Sorrento accoglie millecinquecento otorinolaringoiatri: è 104° SIO fino a sabato

Reportage

Da sinistra, il secondo in prima fila è il presidente del 104° SIO Carlo Antonio Leone, nella giornata inaugurale dei lavori. © C. P.

È cominciato all’insegna della generosità partenopea il 104° congresso SIO in programma da mercoledì 24 a sabato 27 maggio 2017 a Sorrento, nelle ampie aule dell’Hilton Sorrento Palace capaci di accogliere millecinquecento partecipanti iscritti all’evento formativo presieduto da Carlo Antonio Leone.

A Sorrento in questi giorni intervengono millecinquecento partecipanti iscritti: specialisti, specializzandi, studenti, tecnici e operatori del settore. All’Auditorium Sirene dell’Hilton Sorrento Palace il folto pubblico della prima giornata. © C. P.

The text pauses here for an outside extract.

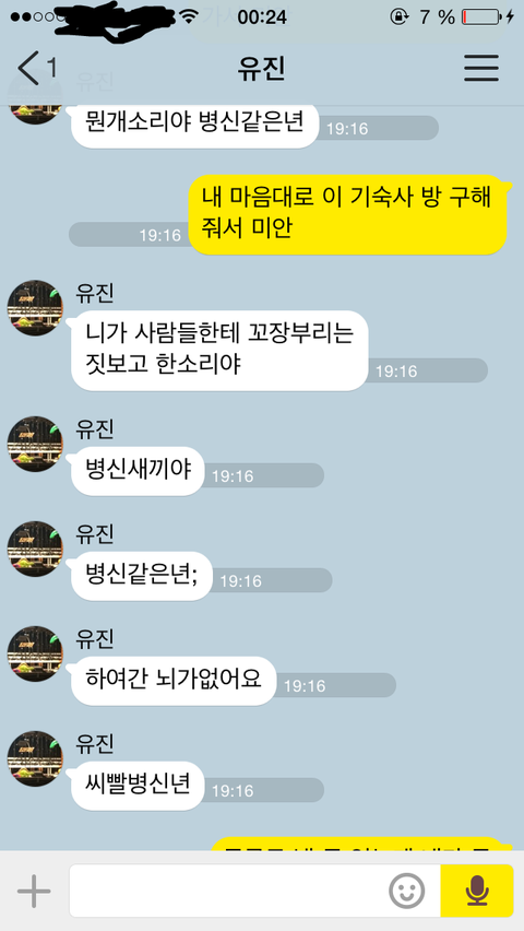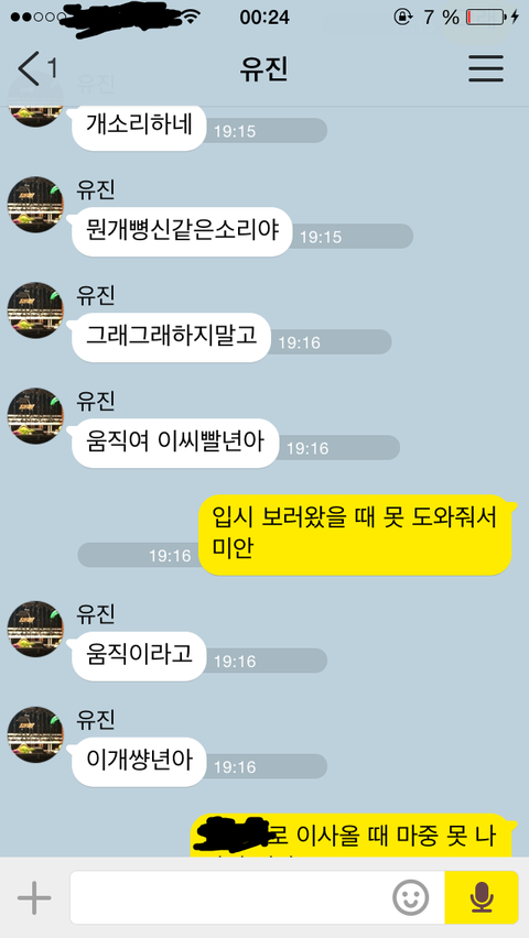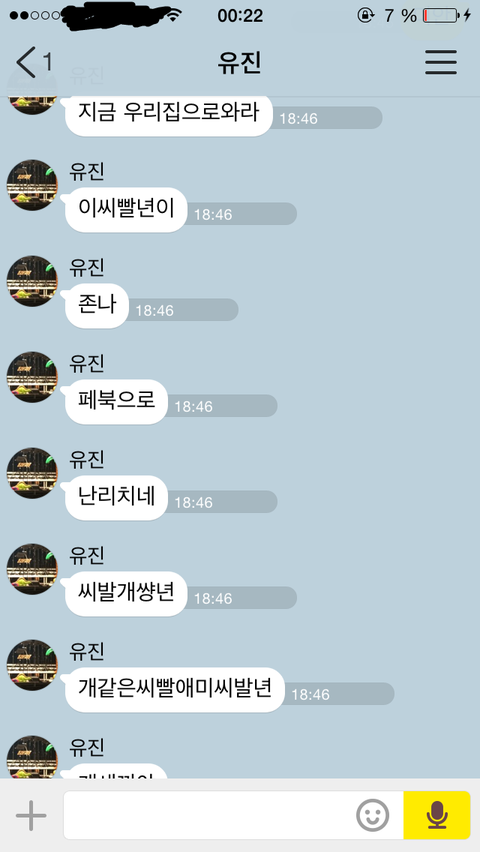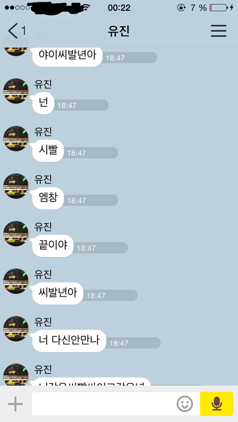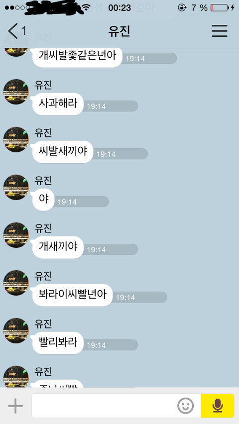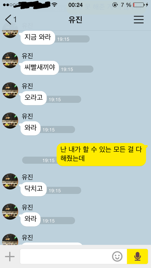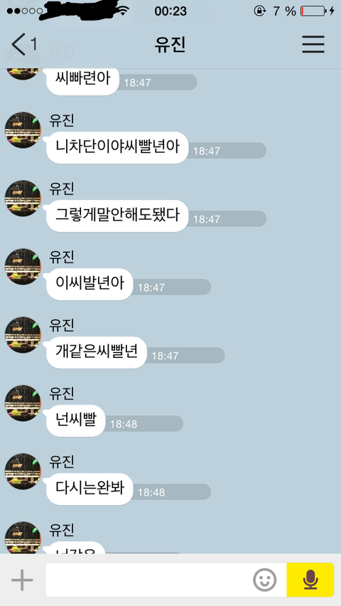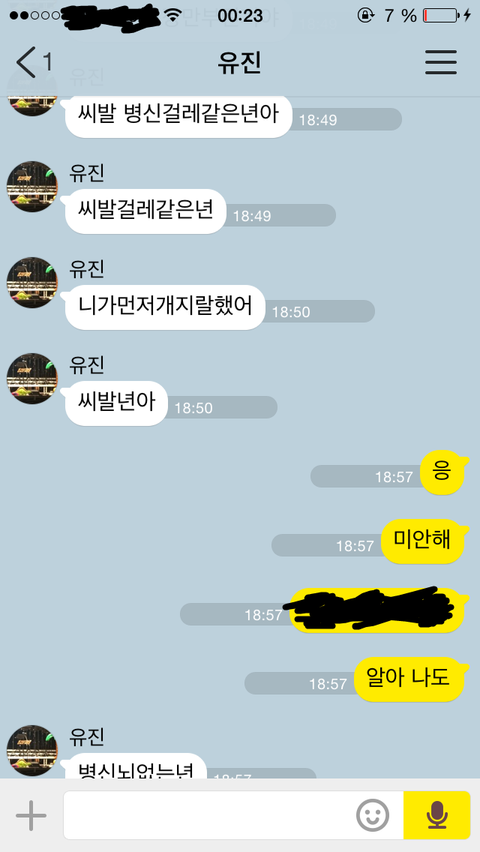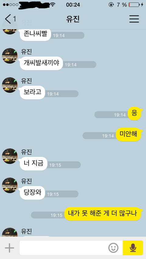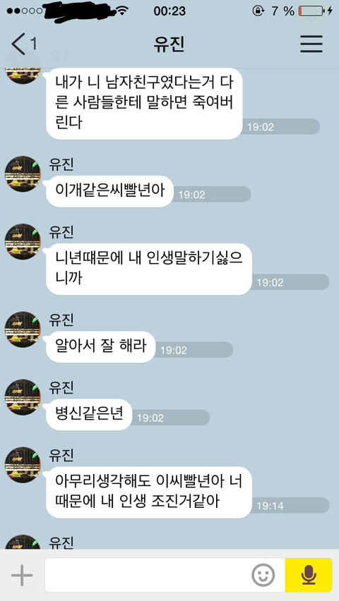 2014년 10월 25일, 전남친은 또 제 페이스북을 보았고, 사실여부와 상관없이 제가 어떤 오빠와 잤냐며 또 추궁을 했습니다. 우리엄마가 한국 가실 날이 얼마 남지 않아 일주일 정도 만나지 않고 있을 때였습니다. 그 때에만 해도 전남친이 점심 뭐 먹지, 만나서 밥만 같이 먹으면 안 되나, 등의 말을 할 때였습니다. 그래서 하루 나가서 전남친과 같이 밥을 먹기도 했습니다. 어쨌든 저 일로 인하여 제가 전남친에게 잘못(전남친이 카톡으로 저에게 욕을 너무 심하게 하길래 그 화면을 캡쳐해서 카톡 프사로 올림)을 저질렀고, 그래서 마음이 힘들어진 전남친은 본인 엄마에게 전화를 걸었습니다. 그리고 저는 전남친 엄마와도 통화를 했습니다. 저는 우리엄마로부터 전남친의 자존심을 지켜주려고 노력했었는데, 전남친은 본인 폰을 저에게 넘기며 이렇게 말하더군요. “얘기 좀 잘 해줘.” 나중에 이 얘기도 전남친에게 하니 전혀 기억 못 하더군요. 그래서 저는 어머님과 통화하는 내내 “잘못했습니다. 죄송합니다. 제가 혼자 좋아해서 혼자 따라다녔습니다.” 라고 말씀드렸습니다.

La rinomata località alle pendici del Vesuvio fa da cornice prestigiosa per l’annuale appuntamento della Società Italiana di Otorinolaringologia e Chirurgia Cervico-Facciale, che registra in questa edizione numeri di grande soddisfazione per gli organizzatori. Fin dal primo giorno dei lavori, la mattinata dedicata ai corsi monotematici ha visto la nutrita partecipazione di specialisti e specializzandi di ogni età, molti giovani, che in qualche caso hanno anche tenuto relazioni scientifiche a sostegno degli argomenti, approfonditi dai gruppi di lavoro e ricerca di varie scuole italiane. Otto aule in contemporanea impegnate su diversi temi, fra cui quelli otologici come le nuove tendenze relative alla chirurgia del colesteatoma e le indicazioni tecniche della timpanoplastica aperta, un approccio pratico alla diagnosi e alla terapia della vertigine parossistica posizionale e la vertigine emicranica, l’identificazione e il trattamento dei pazienti a rischio nella chirurgia dell’orecchio medio e dell’impianto cocleare con particolare riferimento all’arteria carotide interna e al bulbo della giugulare, le strategie terapeutiche nel trattamento del neurinoma del nervo acustico e la conservazione dell’udito in questa chirurgia, la gestione integrata del bambino ipoacusico dalla diagnosi alla riabilitazione logopedica, l’evoluzione della tecnica della miringoplastica, la chirurgia ricostruttiva del padiglione e la riabilitazione uditiva, il follow-up a lungo termine delle protesi impiantabili di orecchio medio per il trattamento dell’ipoacusia mista, l’acquisizione di competenze chirurgiche per l’endoscopia dell’orecchio e del basicranio laterale attraverso un programma di training stadiato, l’integrazione fra chirurgo e patologo nella diagnosi intraoperatoria delle neoplasie della testa e del collo.

Fuori dai momenti didattici, emozionante in pieno stile partenopeo è stata l’esibizione del giovane maestro Davide Santacolomba, pianista di livello internazionale, che ha deliziato i presenti con un concerto e una sorpresa, destinata a motivare ulteriormente gli obiettivi professionali degli specialisti otorinolaringoiatri: il ragazzo, infatti, porta un impianto cocleare. © C. P.
I contenuti scientifici della relazione ufficiale del congresso, curati da Giancarlo Cianfrone, hanno approfondito le controversie diagnostico-terapeutiche in otorinolaringoiatria. © C. P.